YOUR OBJECTIVE:
Each line of the data below goes into the copy exactly; pictures do not.

RECORDED DATA:
##############################
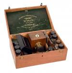 Obturateur stéréoscopique E.Suter N°17425 avec objectifs et bouchon d'objectif dans un joli coffret intérieur soie...
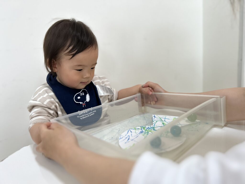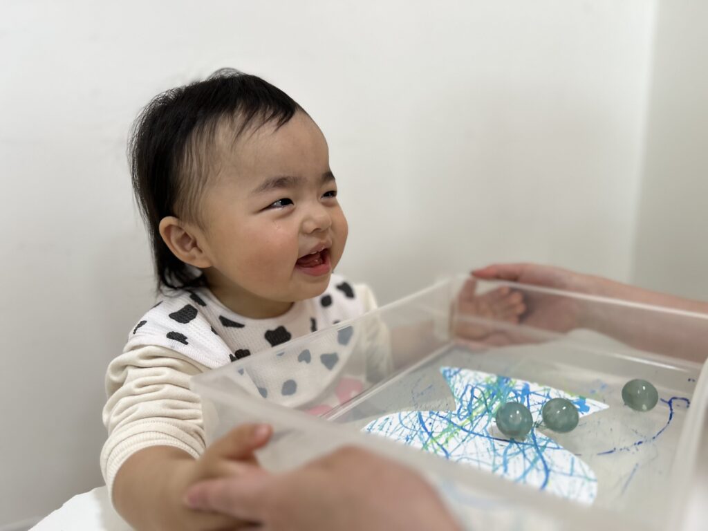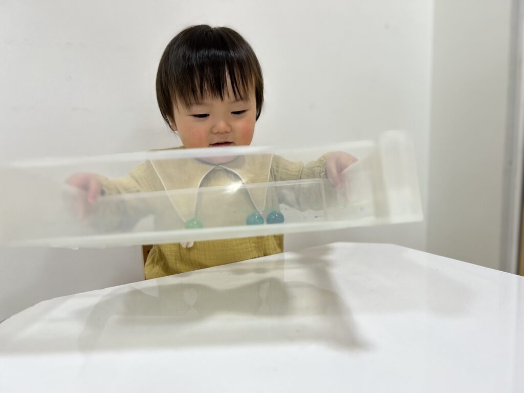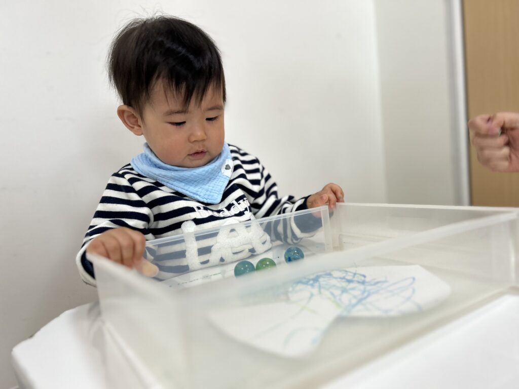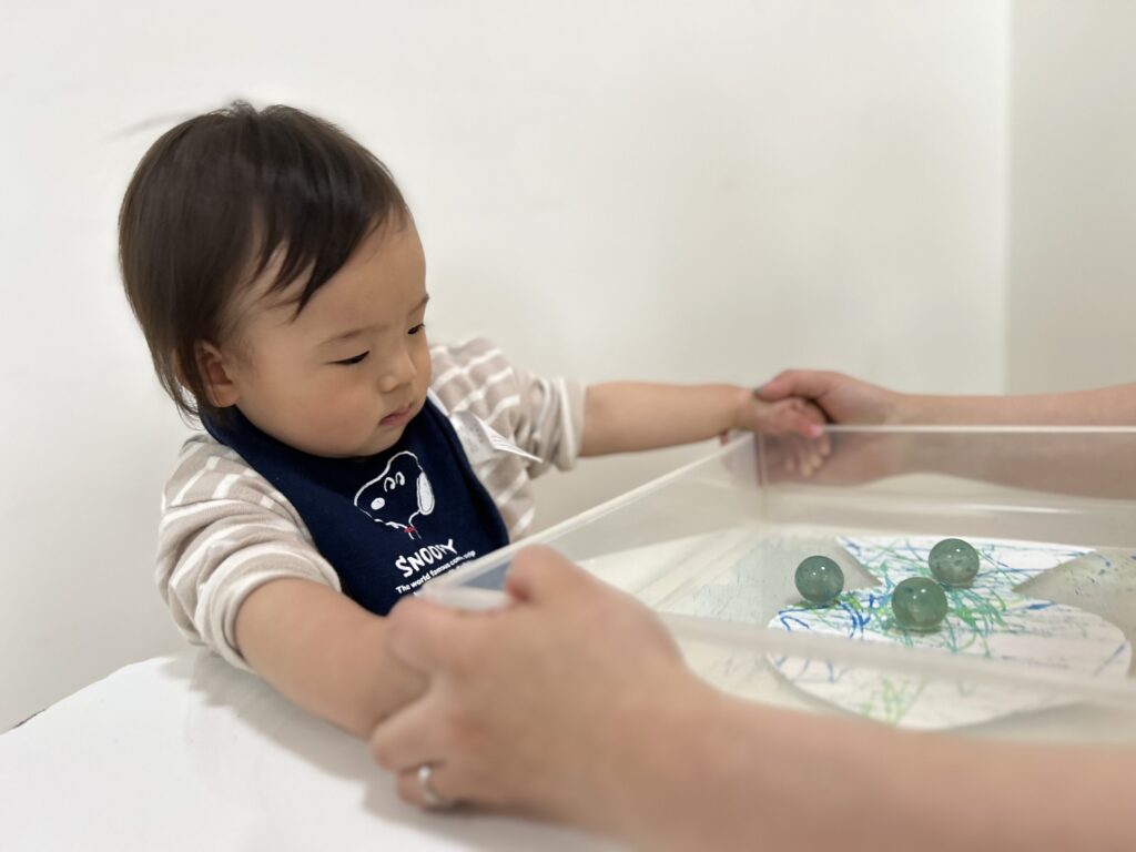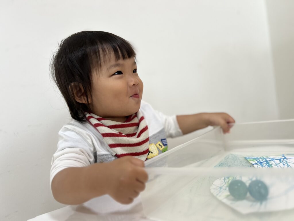 画用紙、ビー玉、トレー、3色の絵の具を用意して
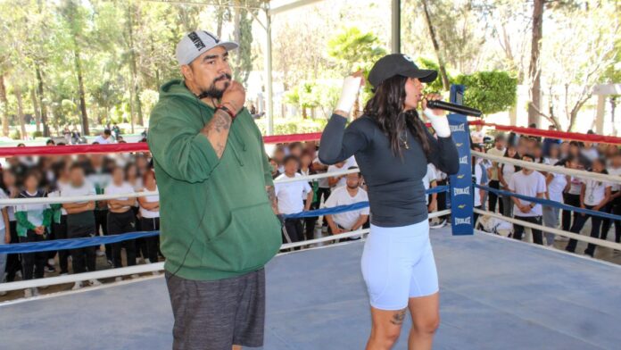 Ante casi 2 mil estudiantes, se realizó la Clase Masiva de Boxeo impartida por la campeona mundial Plata del Consejo Mundial de Boxeo, Gaby “La Bonita” Sánchez, en compañía de su entrenador, Sergio Niño.
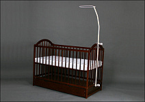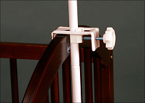 - Опора для балдахина имеет очень удобную и безопасную для мебели систему крепления к кровати ребенка. Она крепится к спинке кровати или боковой решетке за нижнюю или верхнюю планку.
##############################
ANSWER TO THE PROBLEM:
 Obturateur stéréoscopique E.Suter N°17425 avec objectifs et bouchon d'objectif dans un joli coffret intérieur soie...
 画用紙、ビー玉、トレー、3色の絵の具を用意して
 Ante casi 2 mil estudiantes, se realizó la Clase Masiva de Boxeo impartida por la campeona mundial Plata del Consejo Mundial de Boxeo, Gaby “La Bonita” Sánchez, en compañía de su entrenador, Sergio Niño.
 - Опора для балдахина имеет очень удобную и безопасную для мебели систему крепления к кровати ребенка. Она крепится к спинке кровати или боковой решетке за нижнюю или верхнюю планку.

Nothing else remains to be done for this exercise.